You buy many computers and divide the task between them.
While I know that was made in jest, if you take a book with 32 million positions, and run them on a cluster with 256 processors, you end up with 32M / 256 units of time required, or basically 128K units of time. If you do an overnight analysis for each, you need 128K days. Or a paultry 360 years. :)
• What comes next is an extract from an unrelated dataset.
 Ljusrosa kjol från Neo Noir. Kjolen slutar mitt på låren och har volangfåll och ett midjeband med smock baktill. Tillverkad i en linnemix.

Seriously here is what I do

1)The practical solution that I choose is to use result of the games in the pgn and I do not accept the book moves when the side to move did not win with white or did not get at least a draw with black.

The problem is there are plenty of moves that were played by the winning side which were losing moves, had the opponent played correctly. I have run into significant numbers of these. I've usually refused to play a move that was not played by _several_ different players, thinking that the chances of a blunder are much reduced if that is true. But there are still problems.

2)I do not have million of positions in the book but I was too lazy to write a code to analyze all the opening positions.

3)I think that today it may be better to use comp-comp games for the book and not human-human games(I trust more the winner computer to play the right move relative to the human who won the game).

Uri
That's ok, except the computers don't play certain types of openings very well at all, leaving large holes in your opening book that humans can drive right through.
nczempin

Re: Testing the waters for opening move

Post by nczempin »

bob wrote:
nczempin wrote:
PK-4 wrote:Hi all,
I have created an opening book out of gm2600. Earlier my program exited from the opening phase with an inferior position at times, it did not understand how to proceed and did not recover. To beat this I now allow my program to search with the book move for a small time of about 1/5th of regular think time. This usually avoids inferior positions at the end of opening phase, but I resent the loss of time. Creating a strong book is beyond my resources. I wonder how others tackle this problem. I have not seen any other program spend time thinking in the opening.

P.K.Mukhopadhyay
Well, what's keeping you from going through the book offline? Let your engine evaluate each exiting node overnight or over the weekend?
What do you do when you have a book with _millions_ of positions? :) That might pose a problem for overnight analysis...
I don't think this counter-example is very practical.

In that case one should reduce the number of positions, because I sincerely doubt that there is much gain in going from thousands of focused positions to millions of more or less random positions.

How big are the books of the most successful engines? Maybe we should take those as a starting point.

And how are those built? By humans who go through the book. By your logic, that would be a more infeasible task.